Solved – Difference between batch_size=1 and SGD optimisers in Keras

keraspythontensorflow

I have a question that to implement stochastic gradient descent we set the batch size=1 what ever be the optimizer.So what does sgd optimizer do that is different then setting batch size=1 using any optimiser. Thank you in advance for helping

sgd = optimizers.SGD(lr=0.01, decay=1e-6, momentum=0.9, nesterov=True)
model.compile(loss='mean_squared_error', optimizer=sgd)

vs
model.compile(loss='mean_squared_error', optimizer='rmsprop')
model.fit(X,y,batch_size=1)

Best Answer

In practice, how Keras works is that it decouples the hyperparameters that are really specific to the optimizers (for instance, the learning rate and momentum value) and the training parameters in general, for instance, the number of epochs, batch size, etc. This makes sense because things can be handled more efficiently. That is, just by using,

sgd = optimizers.SGD(lr=0.01, decay=1e-6, momentum=0.9, nesterov=True)

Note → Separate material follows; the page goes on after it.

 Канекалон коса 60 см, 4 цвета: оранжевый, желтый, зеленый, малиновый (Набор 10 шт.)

one can define different variants of the Gradient Descent (GD) algorithm, be it, Batch GD where the batch_size = number of training samples (m), Mini-Batch (Stochastic) GD where batch_size = > 1 and < m, and finally the online (Stochastic) GD where batch_size = 1. Here, the batch_size refers to the argument that is to be written in model.fit().

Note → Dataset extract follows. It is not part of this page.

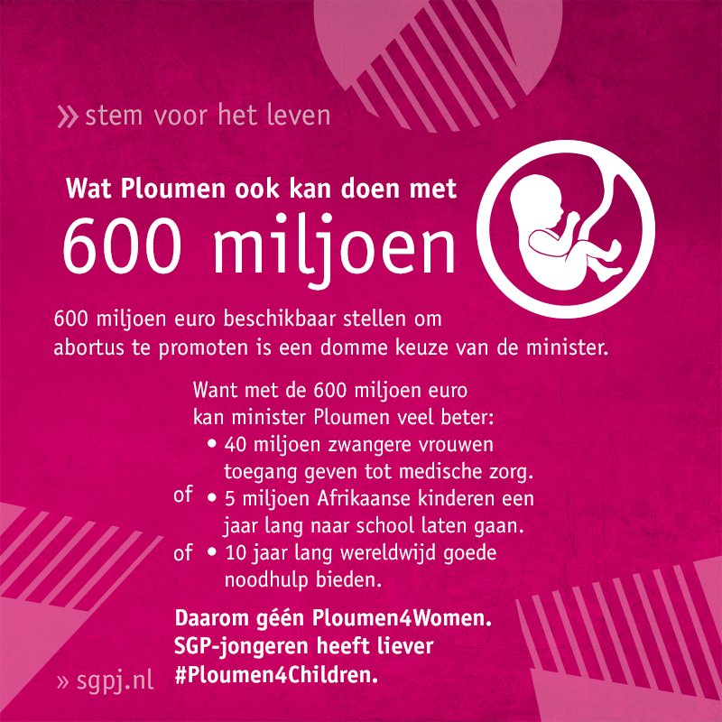 Zaterdag publiceerden de SGPJ een statement op haar website en Twitter, waarin ze wel betere doelen noemen voor de 600 miljoen van Ploumen. "Bijvoorbeeld 40 miljoen zwangere vrouwen toegang geven tot medische zorg, omdat nog veel en veel teveel zwangere vrouwen geen toegang hebben tot pre- en postnatale zorg. Of 5 miljoen Afrikaanse kinderen een jaar lang naar school laten gaan, zodat jonge Afrikaanse levens vol op perspectief hebben. Of 10 jaar lang wereldwijd goede noodhulp bieden."

While it is true that, in theory, SGD is nothing but setting batch_size=1, that particular setting has fallen out of favor in the community these days mainly because it is expensive in terms of training time (there are just too many weight updates to be done). Therefore, with how the community has progressed, SGD mostly refers to the mini-batch SGD with batch_size=32, being the default in Keras.

batch_size: Integer or None. Number of samples per gradient update. If unspecified, batch_size will default to 32.

See here, here and here for further information.